Work order >> Print every entry, word for word, and skip the images.

Data to use >>

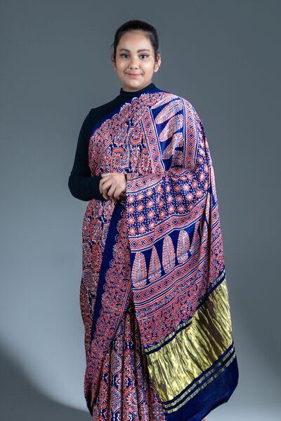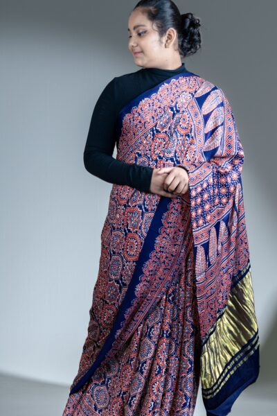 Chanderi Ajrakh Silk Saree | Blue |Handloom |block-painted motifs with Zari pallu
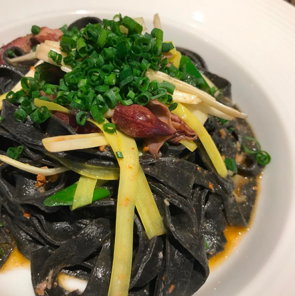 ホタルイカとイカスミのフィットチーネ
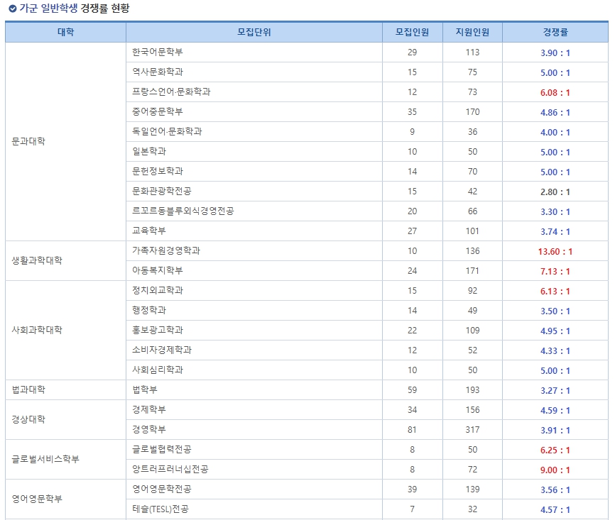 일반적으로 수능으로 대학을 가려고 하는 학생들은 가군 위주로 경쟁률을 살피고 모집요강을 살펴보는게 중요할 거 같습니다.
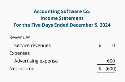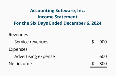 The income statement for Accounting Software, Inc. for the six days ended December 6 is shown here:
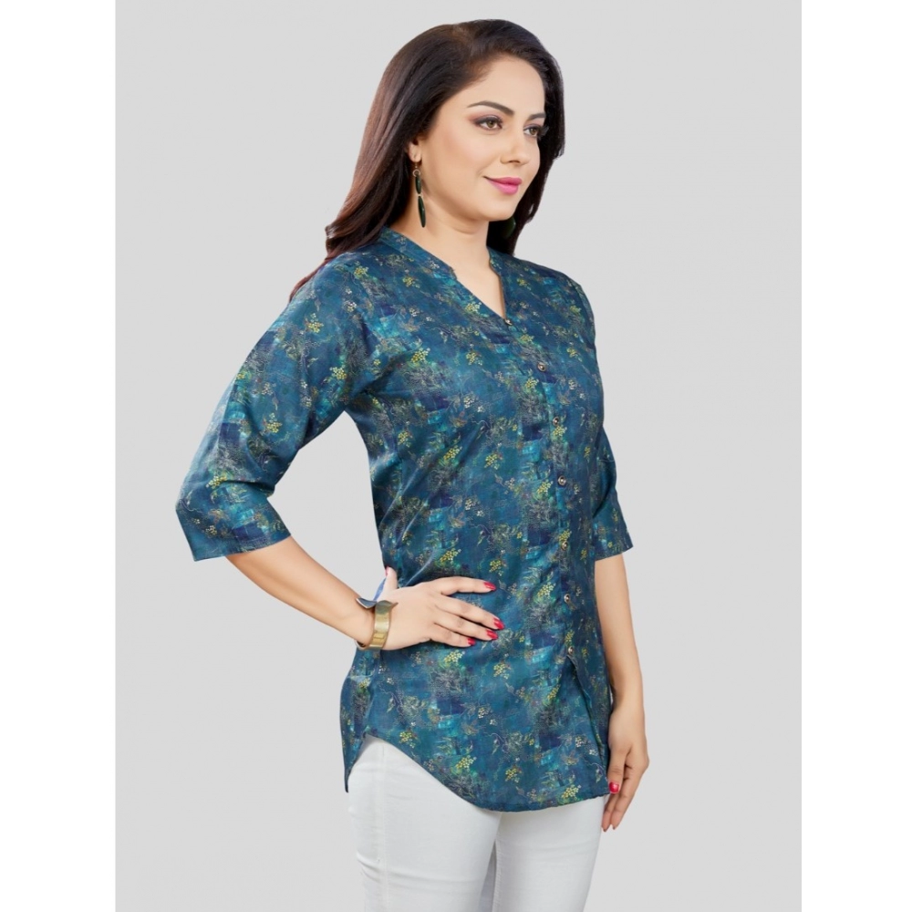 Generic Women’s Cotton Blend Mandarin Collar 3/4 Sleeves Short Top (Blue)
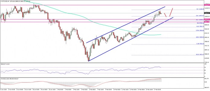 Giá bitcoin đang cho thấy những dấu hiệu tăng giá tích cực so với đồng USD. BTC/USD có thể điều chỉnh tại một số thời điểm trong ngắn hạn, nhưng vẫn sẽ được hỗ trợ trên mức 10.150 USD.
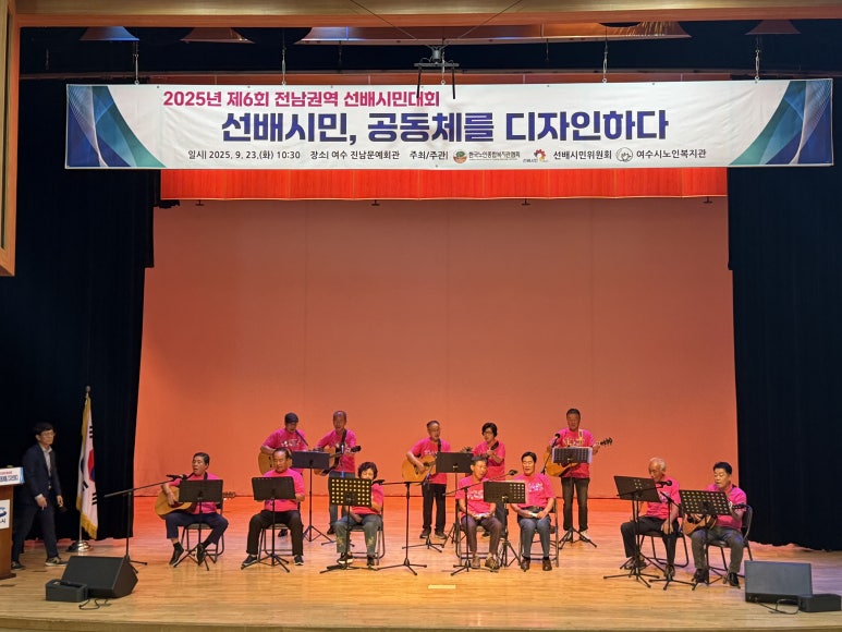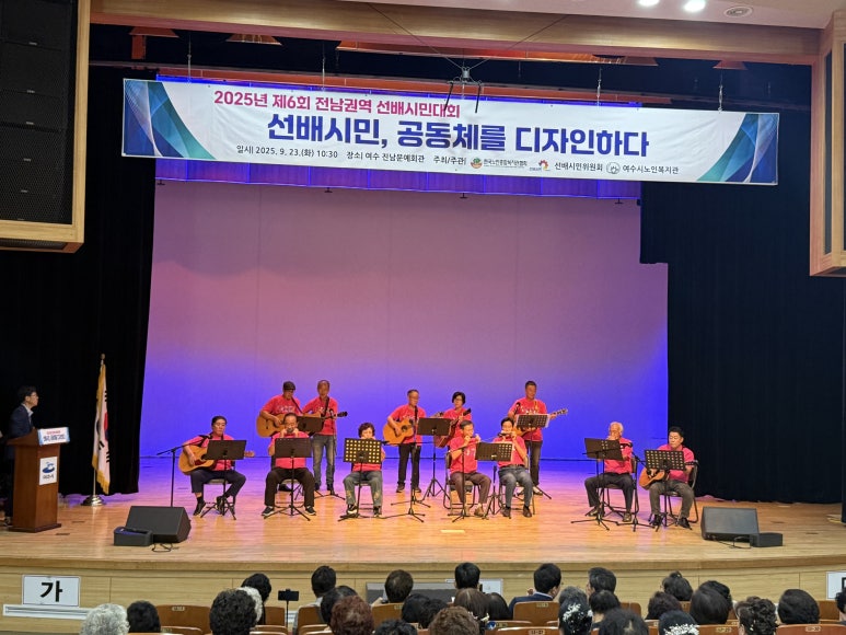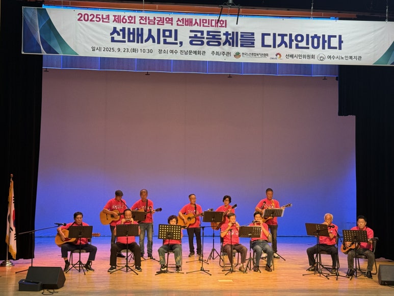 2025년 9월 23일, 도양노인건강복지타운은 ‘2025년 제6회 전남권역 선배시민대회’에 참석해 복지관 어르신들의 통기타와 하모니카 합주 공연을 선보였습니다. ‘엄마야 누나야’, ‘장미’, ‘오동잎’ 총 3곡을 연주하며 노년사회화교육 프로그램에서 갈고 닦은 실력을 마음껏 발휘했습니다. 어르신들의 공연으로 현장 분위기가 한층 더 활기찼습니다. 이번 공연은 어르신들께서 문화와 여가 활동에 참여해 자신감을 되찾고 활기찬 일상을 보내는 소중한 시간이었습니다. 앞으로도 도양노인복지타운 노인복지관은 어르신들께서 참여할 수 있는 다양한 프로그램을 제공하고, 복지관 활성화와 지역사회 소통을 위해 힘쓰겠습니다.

Solution for this task >>
 Chanderi Ajrakh Silk Saree | Blue |Handloom |block-painted motifs with Zari pallu
 ホタルイカとイカスミのフィットチーネ
 일반적으로 수능으로 대학을 가려고 하는 학생들은 가군 위주로 경쟁률을 살피고 모집요강을 살펴보는게 중요할 거 같습니다.
 The income statement for Accounting Software, Inc. for the six days ended December 6 is shown here:
 Generic Women’s Cotton Blend Mandarin Collar 3/4 Sleeves Short Top (Blue)
 Giá bitcoin đang cho thấy những dấu hiệu tăng giá tích cực so với đồng USD. BTC/USD có thể điều chỉnh tại một số thời điểm trong ngắn hạn, nhưng vẫn sẽ được hỗ trợ trên mức 10.150 USD.
 2025년 9월 23일, 도양노인건강복지타운은 ‘2025년 제6회 전남권역 선배시민대회’에 참석해 복지관 어르신들의 통기타와 하모니카 합주 공연을 선보였습니다. ‘엄마야 누나야’, ‘장미’, ‘오동잎’ 총 3곡을 연주하며 노년사회화교육 프로그램에서 갈고 닦은 실력을 마음껏 발휘했습니다. 어르신들의 공연으로 현장 분위기가 한층 더 활기찼습니다. 이번 공연은 어르신들께서 문화와 여가 활동에 참여해 자신감을 되찾고 활기찬 일상을 보내는 소중한 시간이었습니다. 앞으로도 도양노인복지타운 노인복지관은 어르신들께서 참여할 수 있는 다양한 프로그램을 제공하고, 복지관 활성화와 지역사회 소통을 위해 힘쓰겠습니다.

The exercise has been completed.